:: Task to carry out ::
Output exactly, and only, the stretch of lines beginning at the line with "Brother INNOV-IS NX-2000" and ending at the last line of the listing below. Drop the pictures.

Entries shown Start Marker

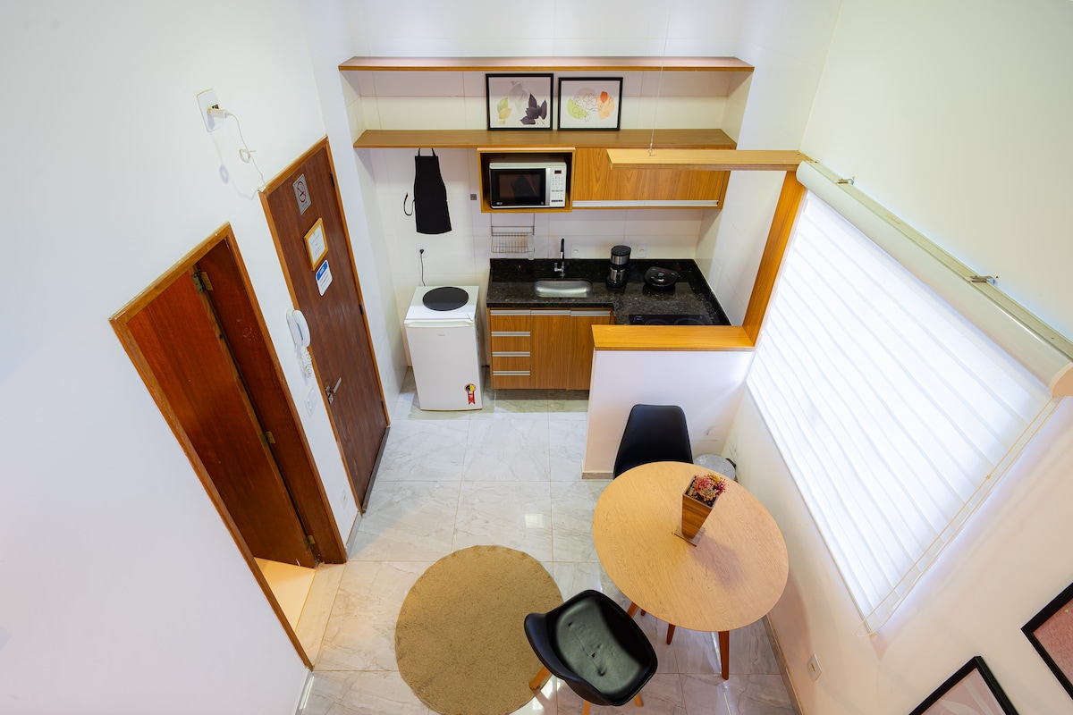 Studio yang selesa di Ilha da Gigóia yang menawan, salah satu tempat pelancongan yang paling banyak dilawati di Rio de Janeiro! Hanya 5 minit dari pantai, restoran utama dan bersebelahan dengan kereta api bawah tanah, ia menawarkan akses mudah ke seluruh bandar. Nikmati iklim pulau yang tenang, dikelilingi oleh alam semula jadi dan lawatan bot yang menawan. Sesuai untuk mereka yang mencari keselesaan, kepraktisan dan pengalaman unik di RJ.
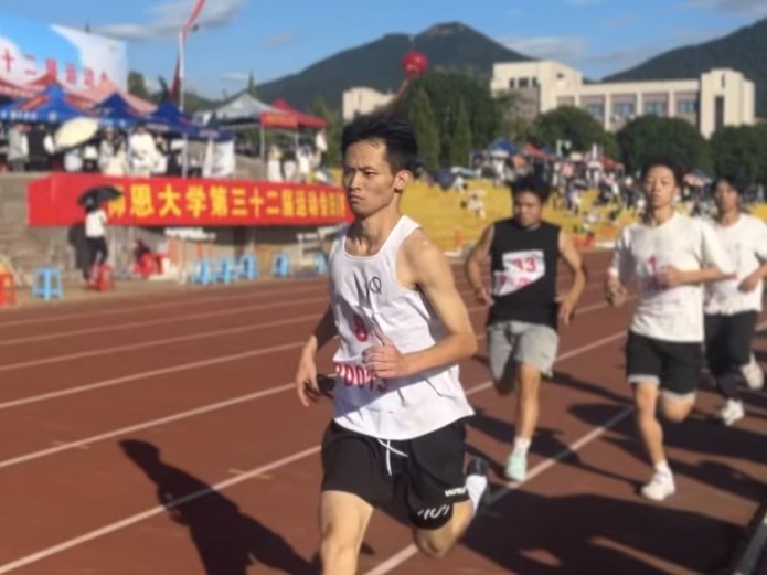 11月17日下午,仰恩大学第三十二届运动会男子800米项目于第三教学区田径场举行,sjb世俱杯官方网站2021级蔡湧江参与了此次比赛。
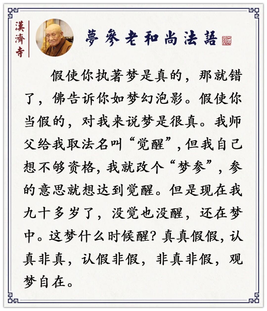 虽说梦是假的,假的也会产生真的(梦参老和尚)
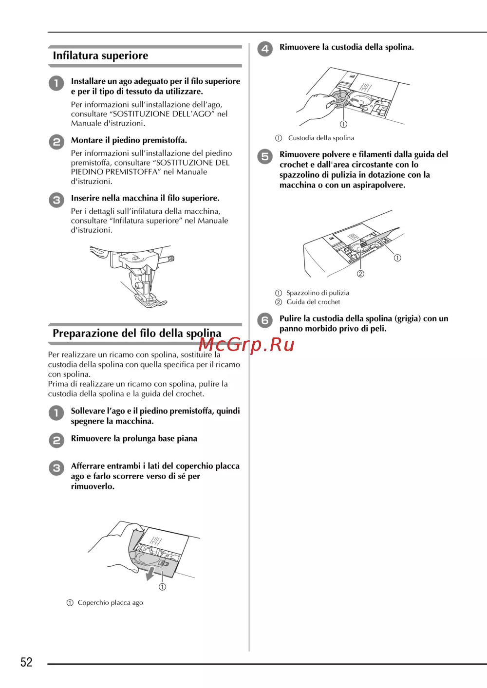 Brother INNOV-IS NX-2000 LAURA ASHLEY — guida all'infilatura e alla preparazione della spolina per ricamo [54]
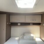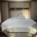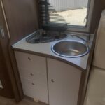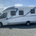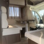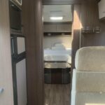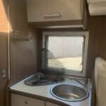 This 5 berth with 5 belt motorhome comes fully equipped with a fixed island double bed at the rear, an electric drop-down double bed, and the kitchen dinette converts into a single bed. The kitchen is fully equipped with a 3 burner hob, oven, grill, fridge, and freezer. The bathroom is fully equipped with a Thetford toilet and vanity wash basin and a separate shower. Perfect for traveling!

Entries shown End Marker

:: Task solution ::
 Brother INNOV-IS NX-2000 LAURA ASHLEY — guida all'infilatura e alla preparazione della spolina per ricamo [54]
 This 5 berth with 5 belt motorhome comes fully equipped with a fixed island double bed at the rear, an electric drop-down double bed, and the kitchen dinette converts into a single bed. The kitchen is fully equipped with a 3 burner hob, oven, grill, fridge, and freezer. The bathroom is fully equipped with a Thetford toilet and vanity wash basin and a separate shower. Perfect for traveling!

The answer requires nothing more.